A commonsense approach for public health

31 Dec 2017 · 2 min read
We are delivering better, more satisfying alternatives for adult smokers, so that the largest number of those who don't quit can switch to them.
People sitting outside by a lake

The World Health Organization estimates that there will still be over a billion smokers by 2025.1 

There’s no doubt that quitting, or better still, never starting to smoke is the best choice and so efforts to discourage smoking and encourage cessation must continue.

But with so many people continuing to smoke, it makes sense that they should have access to and accurate information about better alternatives to cigarettes.

Why would anyone deny them this opportunity?

A few important steps are needed to make this commonsense approach a reality for millions of smokers.

  1. You need to invent better alternatives to cigarettes.
  2. These alternatives should be appealing to adult smokers, by delivering a taste and sensory experience that leads adult smokers, who would otherwise continue to smoke, to switch completely.
  3. A large number of these smokers must switch to better products and stop smoking cigarettes altogether.

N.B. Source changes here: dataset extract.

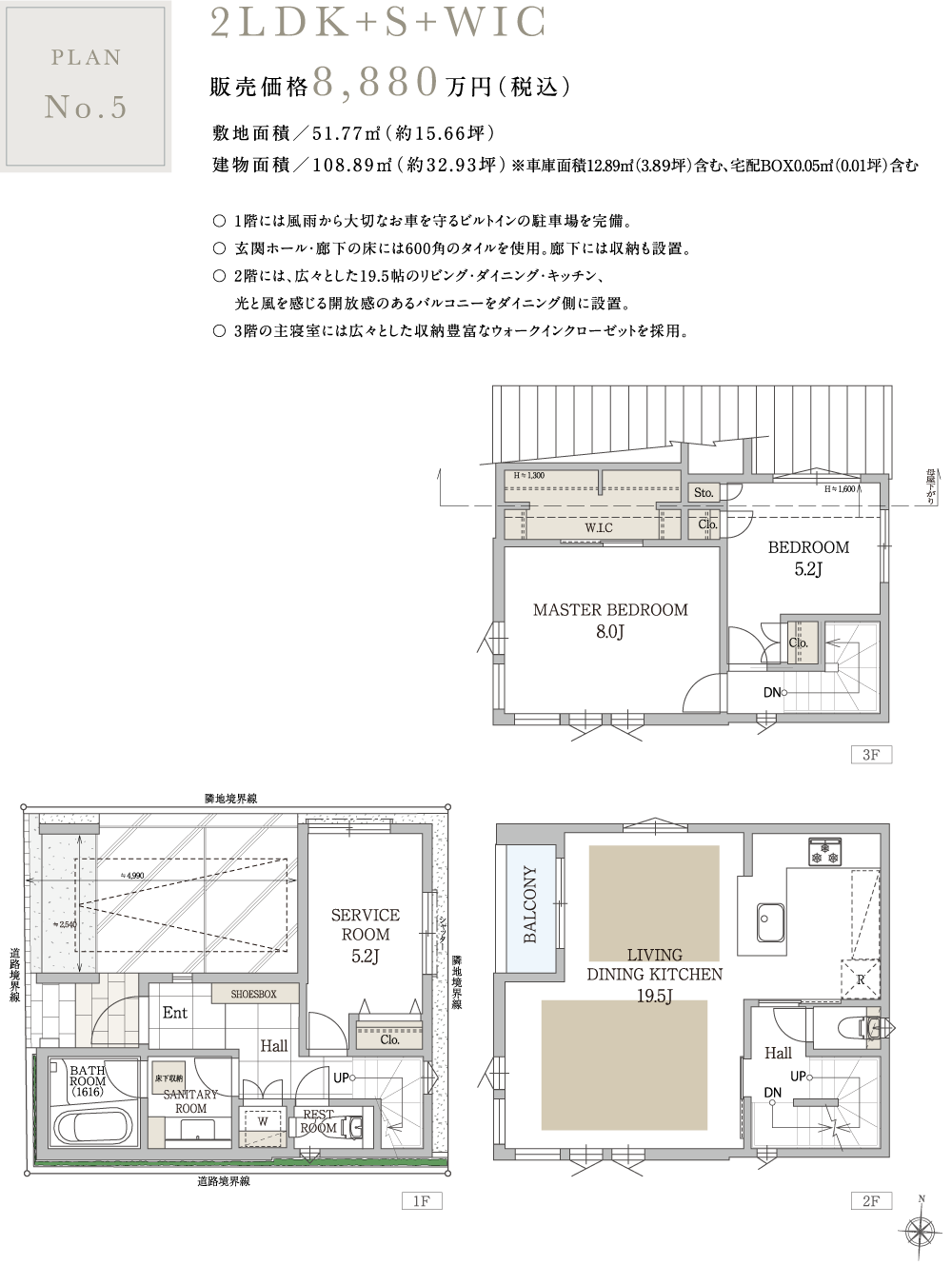- 108.89㎡(約32.93坪)※車庫面積12.89㎡含む

PMI's vision for a smoke-free future (without cigarettes)


Silhouette of woman in a building overlooking a lake

PMI's vision for a smoke-free future (without cigarettes)

Jacek Olczak, CEO of Philip Morris International, speaks to camera:

This company is about the progress.

This company wants to change the world.

If we can get there, this is going to be phenomenal.

[Classical music]

Text on screen reads: We've built the world's most successful cigarette company,

but we have thoroughly transformed,

taking great strides towards realizing our vision of replacing cigarettes for good.

Stefano Volpetti, President, Smoke-Free Inhaled Products & Chief Consumer Officer for PMI, speaks to camera:

This company has had the courage,

the visionary leadership,

to establish a new direction, to disrupt the category.

Text on screen reads:

It's why we've invested more than $10.5 billion to date

and employed over 1,500 scientists, engineers and R&D experts to develop our smoke-free products.

Michael Voegele, Chief Digital and Information Officer for PMI, speaks to camera:

I think it’s a unique challenge, being part of a team that revolutionizes the industry.

Text on screen reads:

It's our ambition that within the next two years, more than 50 percent of our net revenue will come from smoke-free products.

Jacek Olczak continues speaking:

The big aspirations address the problem of smoking,

going smoke-free,

over 50 percent of revenues coming from this product.

This is very ambitious and that calls for a progress.

Marian Salzman, Senior Vice President, Global Communications for Philip Morris International, speaks to camera:

We’ve said yes to people when they want to ask us questions.

We’ve told them the truth when they’ve posed the questions.

Text on screen reads:

With the right regulatory encouragement and support from civil society

we believe many countries can end cigarette sales within 10 to 15 years.

Jacek Olczak continues speaking:

If you compare it to many other industries

which also were going for some transformation driven by the product,

nobody is coming that close, as we are.

Text on screen reads:

Innovation, science and technology drive our transformation,

helping us deliver a better, smoke-free future.

Philip Morris International logo appears.

Text on screen reads:

It's always better to quit tobacco and nicotine altogether, but those who don't, deserve access to and accurate information about better alternatives to cigarettes.

Music ends.

Since 2008, we’ve invested USD 10.5 billion in the development, scientific substantiation, manufacturing, commercialization, and continuous innovation of our smoke-free products to help adults who would otherwise continue to smoke switch to them. 

In pursuing our vision of delivering science-backed smoke-free products, we are eager to see measures introduced that drive large-scale switching as quickly as possible. We are confident that the right mix of government leadership and commercial initiative will dramatically accelerate efforts to reduce the health burden of smoking. 

 1Bilano V, Gilmour S, Moffiet T, d'Espaignet ET, Stevens GA, Commar A, Tuyl F, Hudson I, Shibuya K. (2015) Global trends and projections for tobacco use, 1990–2025: an analysis of smoking indicators from the WHO Comprehensive Information Systems for Tobacco Control. Lancet 385:966-76.